Studies of KS etiology have included a search for a retrovirus as a causative agent; extensive research did not confirm this hypothesis (56, 72). More recently, expression of the Vβ T-cell receptor family in peripheral blood T cells in patients with acute KS has been examined by many investigators; in these studies, the results about whether increased usage of Vβ2 T-cell receptor occurs in acute KS were conflicting (1, 2, 14, 57, 64, 69). The finding of such a skewed T-cell receptor response by some investigators has led to a search for a superantigen such as toxic shock syndrome toxin 1 as being etiologically related to KS, with one group reporting such an association (45). However, other investigators have been unable to reproduce these findings (2, 52, 57, 64, 101); therefore, this hypothesis remains unproven.

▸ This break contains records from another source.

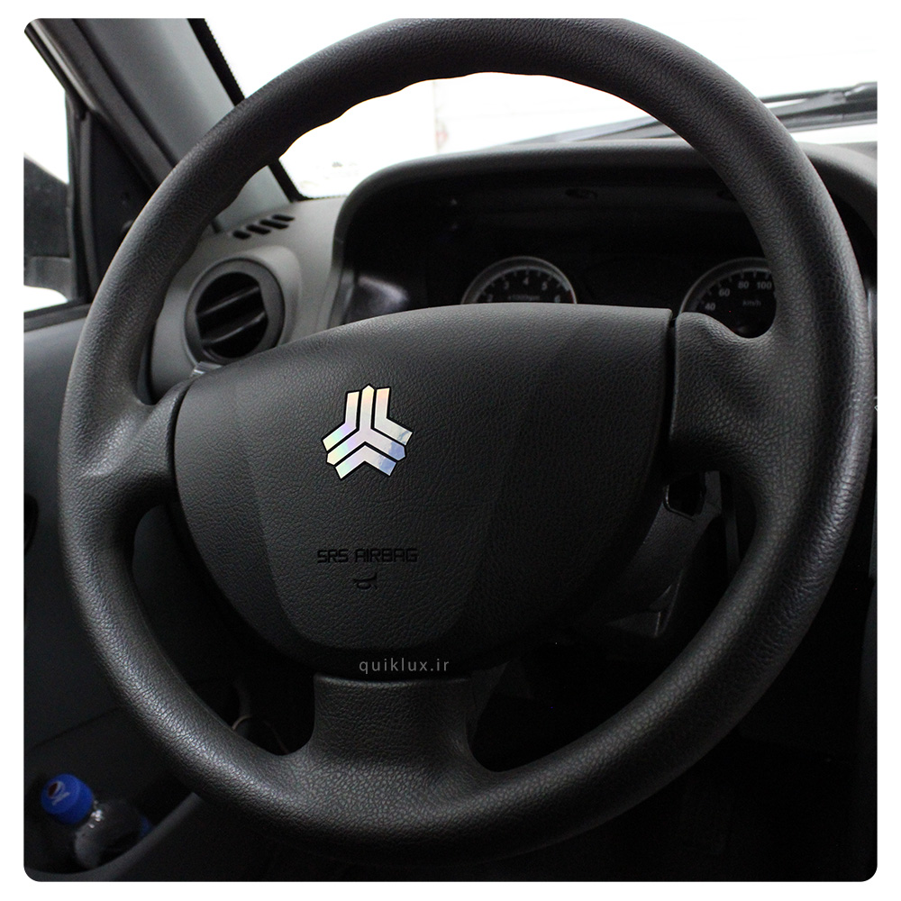 برچسب لوگوی هفت رنگ کروم روی فرمون مناسب برای فرمون کوییک تیبا و ساینا
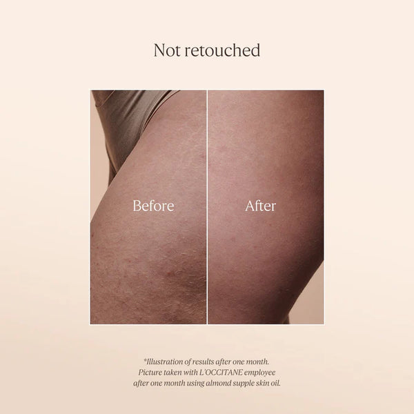 Formulated with more than 50% almond oil, this light, fine Body Oil effectively helps skin feel supple and smoother. Skin feels nourished thanks to the ideal combination of almond oil, rich in omega 6, and camelina oil, rich in omega 3. This balance provides suppleness and comfort to the skin. Applied with a spray, this oil melts into the skin, enveloping it with a subtle and mouthwatering scent of fresh almonds while leaving a delicious satiny-smooth finish.The almond nut, which grows protected in a beautifully soft and green velvet shell, is renowned for its ability to soften and smooth the skin. L’OCCITANE is committed to purchasing almonds from producers in the South of France so that the almond tree, which had long been forgotten in the region, once again becomes a familiar element in the Provençal landscape.
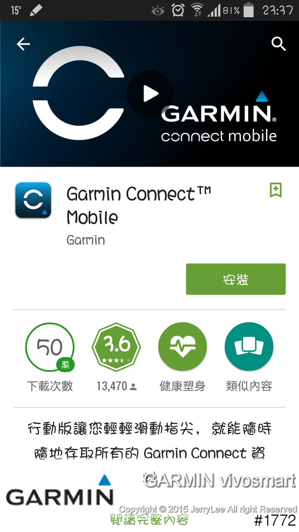 ▲前面提到PC方式啟動Garmin Connect,這邊在補充手機方式啟動Garmin Connect Mobile連線應用
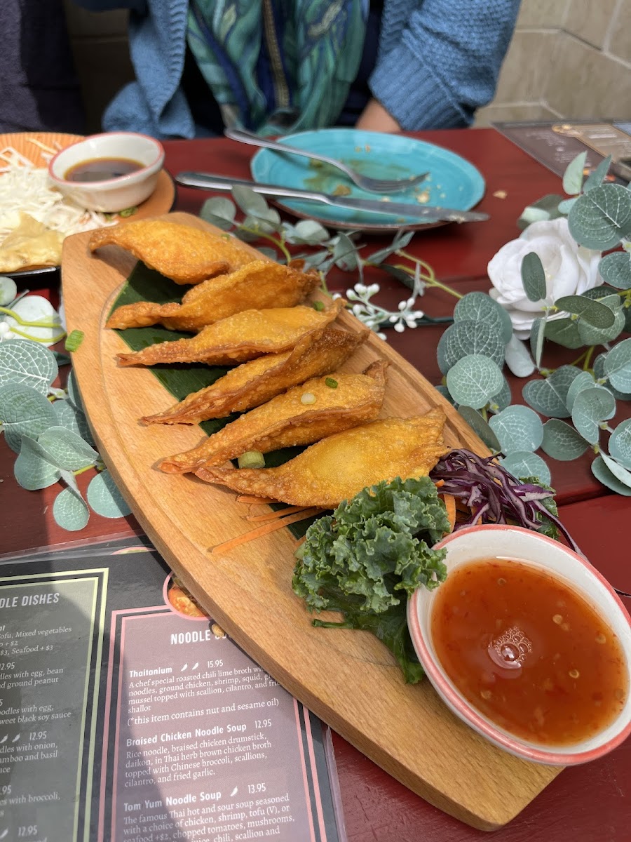 Golden fried wonton filled with seasoned cream cheese and imitation crab meat served with sweet & sour sauce
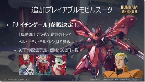 Also arriving is Nightingale as another new playable Mobile Suit unit for late-September, for the same price in Japan. Since the developers are still working on Nightingale they weren’t able to prepare a trailer to give us a look at it in action. In addition to the two playable units, Bandai Namco shared some info on the second major update, Ver. 1.05 that is scheduled to launch in Japan in late-September. It’ll add a new “1on1” mode for Player Match that allows you to make a room and go head-to-head against another player. The update also adds a new Extra Battle to the Ultimate Battle. Full details for the update will be revealed in the coming days. Gundam Versus releases in North America, Europe, and Southeast Asia on September 29, 2017 for PlayStation 4. The game is currently available in Japan.
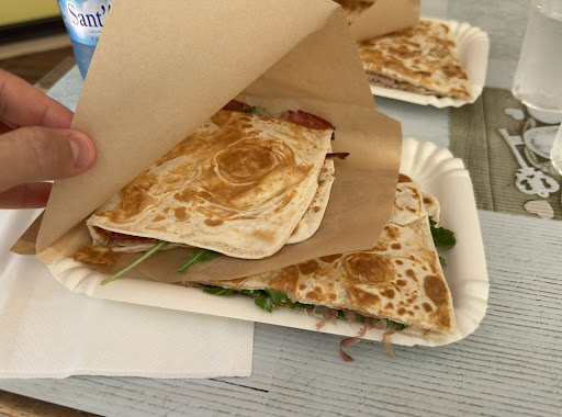 Read moreLa prima foto parla da sola: queste piadine sono enormi, l'impasto è davvero buono, si sente lo strutto e il latte. La farcitura è tantissima! Hanno tagliato il prosciutto al momento per fare una delle nostre piadine, e il tutto ha richiesto solo due minuti! Le abbiamo prese a portare via, e ce le hanno date in ina busta di carta marrone per tenerla in mano, su un vassoio, con due tovaglioli, il tutto in una busta di carta. I proprietari sono gentili e simpatici. Ho recensito un altra piadineria oggi, ma non c'è proprio paragone.... Sicuramente quando tornerò a cattolica questo sarà la...
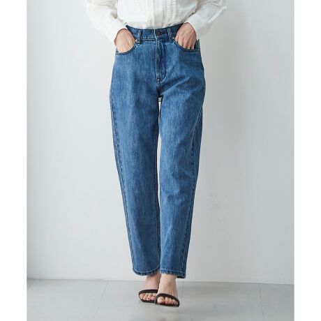 ハイウエストのデニムパンツは、カーブがかったテーパードシルエットが今年らしい1枚。

Clearly, conventional methods have failed to yield the causative agent of KS. Diagnosis continues to be difficult, particularly in young infants, who are also at greatest risk of developing coronary artery sequelae (70), and in patients with incomplete or atypical presentations (8, 10, 74). Without the etiologic agent, a diagnostic test cannot be developed. In addition, more specific treatment for KS and prevention both await discovery of the etiology of the illness. With the use of newer molecular biology techniques (73, 77), it is hoped that significant progress in finding the etiology of the illness will be made in the near future.

CARDIOVASCULAR MANIFESTATIONS

KS was initially thought to be a benign self-limited childhood illness. However, soon after Kawasaki’s original report, it became apparent that a few children diagnosed with KS died suddenly and unexpectedly, usually during the third or fourth week of illness and at a time when their clinical condition appeared to have improved. Death was usually due to massive myocardial infarction secondary to coronary thrombosis in areas of coronary artery aneurysm formation (35).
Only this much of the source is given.